The last feature of the patch blasted in the blogosphere is the “Advise-Assist” or “Combat Advisor” tab.  Little credit should be given to claims this tab is a rip-off of the Special Forces “long tab.” There is solid precedent for the wear of “unearned” tabs in the Army already, another fact Gen. Milley pointed out. Among others, the 10th Mountain, 82nd Airborne, and 101st Airborne (Air Assault) Divisions all have tabs that require no qualification or assessment for assigned personnel. Each of those tabs is only authorized for wear while assigned to the unit, and the same goes for the Combat Advisor tab. Aside from being curved and located above the shoulder sleeve insignia, the two tabs share very little visually. That has not stopped criticism. What is important is that the advisor Additional Skill Identifier will have to be earned, by completing the advisor academy and a subsequent deployment.

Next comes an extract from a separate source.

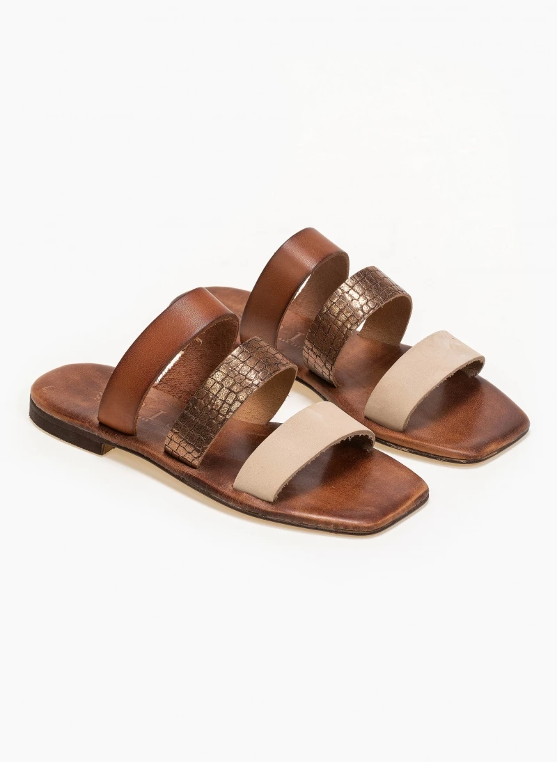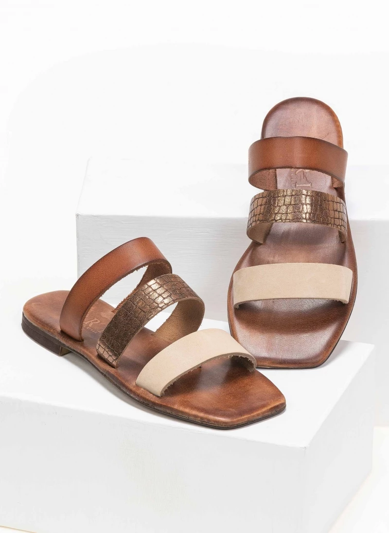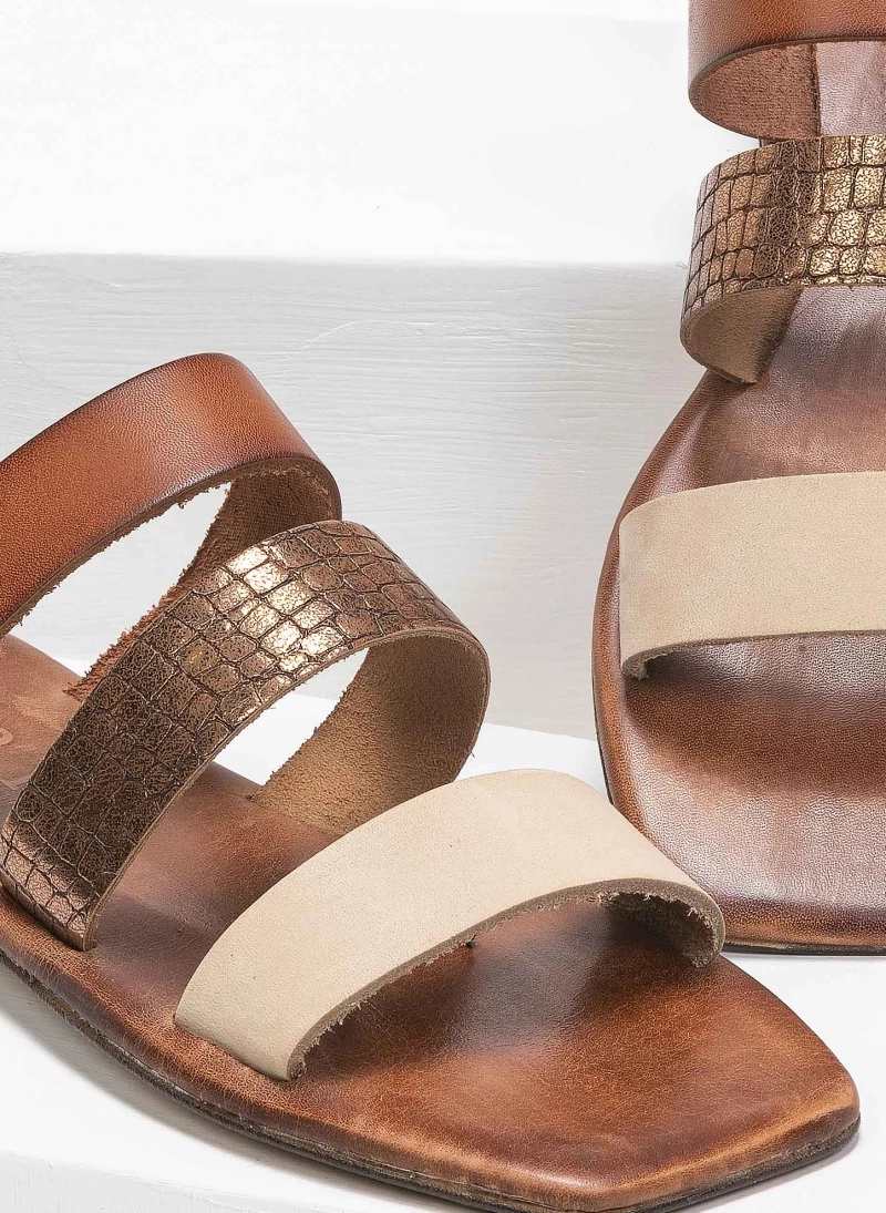 ΧΟΝΔΡΙΚΟ ΕΜΠΟΡΙΟ 🔥 Προώθηση 💯 IRIS Σανδάλια καρέ δερμάτινα με φάσα κροκό – Μπρονζέ 🔔 ❤️

While Shinseki’s infamous black beret decision shows, perhaps, what not to do, the approach adopted by the Maneuver Center of Excellence (MCoE) demonstrates the opposite. The MCoE made a public call for recommendations for their unit insignia, shoulder patch, and motto. The patch underwent several minor changes from 2008 to 2009, and was officially distributed in 2009. There was no backlash, no change.org petitions. The final product made sense. Proactive engagement allowed the unit to avoid unintentional missteps. Since the SFAB patch has yet to be officially adopted, there may be time to adopt the same method. Doing so would be reactive, but might earn the SFAB more supporters from the current population of detractors.

All this begs the question as to why the SFAB needs special uniform features at all. According to Army Regulation 670-1 (Wear and Appearance of Army Uniforms and Insignia), uniforms are a symbol of professionalism that indicate pride, esprit de corps, and morale. From this perspective, distinctive features make sense—unit members are set apart, unique, and easily identified. Having something new and distinctive is not the issue. Borrowing so many features from historically significant organizations—without having first matched the assessment, training, and operational rigor—is the problem. Someone should have expected such a swift backlash. These things are deeply personal.

Spending a little time on the 1st SFAB’s Facebook page makes one thing certain: the unit is training and preparing its people. With an accelerated deployment timeline that puts them into a combat environment months ahead of the original schedule, that is exactly where the focus should be. The uniform issues, while intended to instill pride and garner positive attention from potential recruits, have proven ill-timed and were largely avoidable. The key for the SFAB is proving whether the investment in talent, time, and training dollars was worthwhile. But with the pressure to do so, and do so on a rushed deployment timeline, the Army needs to be clearing distractions from the SFAB’s way, not creating them.

 

Maj. Rick Montcalm is a scholar with the Modern War Institute at the United States Military Academy, West Point, NY. An Armor Officer by trade, he has served in Armor, Infantry, and Stryker Brigade Combat Teams, with operational experience in both Iraq and Afghanistan.

The views expressed in this article are those of the authors and do not reflect the official policy or position of the Department of the Army, Department of Defense, or the US government.